PROJECT SUMMARY/ABSTRACT While hormonal contraceptive methods are highly effective, they are not the method of choice for many women. The National Health Statistic Report indicates that on-demand over-the-counter (OTC) contraceptives (i.e., spermicides and condoms) are the products of choice for many women, especially teenagers. Unfortunately, OTC methods have high failure rates. As a result, teenage pregnancies contribute to more than 70% of unintended pregnancy rates in the United States. Therefore, there is a critical need for new and improved on- demand methods for women. In this proposal, we will explore a new female contraceptive method that will target two processes: 1) blocking post-ejaculated semen and 2) inhibiting sperm motility in the female reproductive tract. After ejaculation, semen changes from a gel-like to a watery consistency via the prostate-derived serine protease called kallikrein 3 (KLK3). Therefore, the central hypothesis for this application is that pharmacologic blockade of semen liquefaction provides a contraceptive effect by blocking sperm from reaching the site of fertilization. Our previous work showed that a serine protease inhibitor effectively blocked those two processes and prevented pregnancy in female mice. Based on these findings, it is hypothesized that small molecule KLK3 inhibitors with targeted activity can be developed for use as novel, non-hormonal, fully reversible contraceptives for women. In this application, a team of investigators will test the action of small molecule KLK3 inhibitor(s) in human semen and sperm function, pregnancy prevention in female rhesus macaques, and will identify novel small molecules inhibitors of KLK3 in addition to the prototype inhibitor. The hypothesis will be tested in three Specific Aims: 1) to characterize the contraceptive potential of specific KLK3 inhibitors in human semen, 2) To evaluate the cellular toxicity of specific KLK3 inhibitor and “hit” compound(s) in human cervical/vaginal cells and 3D vaginal cultures, 3) to characterize the contraceptive efficacy and pharmacodynamics/kinetics of specific KLK3 inhibitor in female rhesus macaques, and 4) To identify novel drug- like KLK3-specific inhibitors from DNA-encoded chemical libraries. Upon completion of this study, we will be able to demonstrate whether serine protease inhibitor can be developed as the first contraceptive product (i.e., film/sponge) that prevents semen liquefaction as well as inhibits the sperm function.

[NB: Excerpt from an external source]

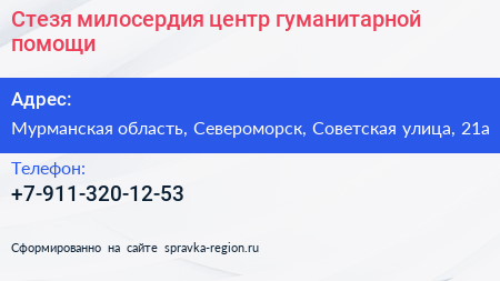 Стезя милосердия, центр гуманитарной помощи по адресу Мурманская область, Североморск, Советская улица, 21а в дальнейшем Организация, размещена в следующих категориях:

项目概要/摘要 虽然激素避孕方法非常有效，但它们并不是许多女性的选择。 国家卫生统计报告表明，按需非处方 (OTC) 避孕药具（即 杀精剂和避孕套）是许多女性，尤其是青少年的首选产品。 OTC 方法的失败率很高，因此，青少年怀孕占 70% 以上。 因此，迫切需要新的和改进的方法。 在本提案中，我们将探索一种新的女性避孕方法。 两个过程：1）阻止射精后的精液；2）抑制女性生殖系统中的精子活力 射精后，精液通过前列腺丝氨酸从凝胶状变为水状稠度。 因此，该应用的中心假设是药理学。 阻止精液液化通过阻止精子到达该部位来提供避孕效果 我们之前的工作表明，丝氨酸蛋白酶抑制剂可以有效阻断这两者。 根据这些发现，捕获了这种小物质并阻止了雌性小鼠的怀孕。 具有靶向活性的 KLK3 分子抑制剂可被开发用作新型、非激素、完全 女性可逆避孕药在该应用中，一组研究人员将测试小型避孕药的作用。 KLK3 分子抑制剂对人类精液和精子功能、雌性恒河猴妊娠预防的影响 除了原型抑制剂之外，还将鉴定出 KLK3 的新型小分子抑制剂。 假设将在三个具体目标中进行检验：1）表征特定 KLK3 的避孕潜力 人类精液中的抑制剂，2) 评估特定 KLK3 抑制剂和“命中”化合物的细胞毒性 人类宫颈/阴道细胞和 3D 阴道培养物，3) 表征避孕功效和 特定 KLK3 抑制剂在雌性恒河猴中的药效学/动力学，以及 4) 鉴定新药- 就像 DNA 编码化学库中的 KLK3 特异性抑制剂一样，完成这项研究后，我们将能够 证明丝氨酸蛋白酶抑制剂是否可以开发为第一个避孕产品（即， 薄膜/海绵）可防止精液液化并抑制精子功能。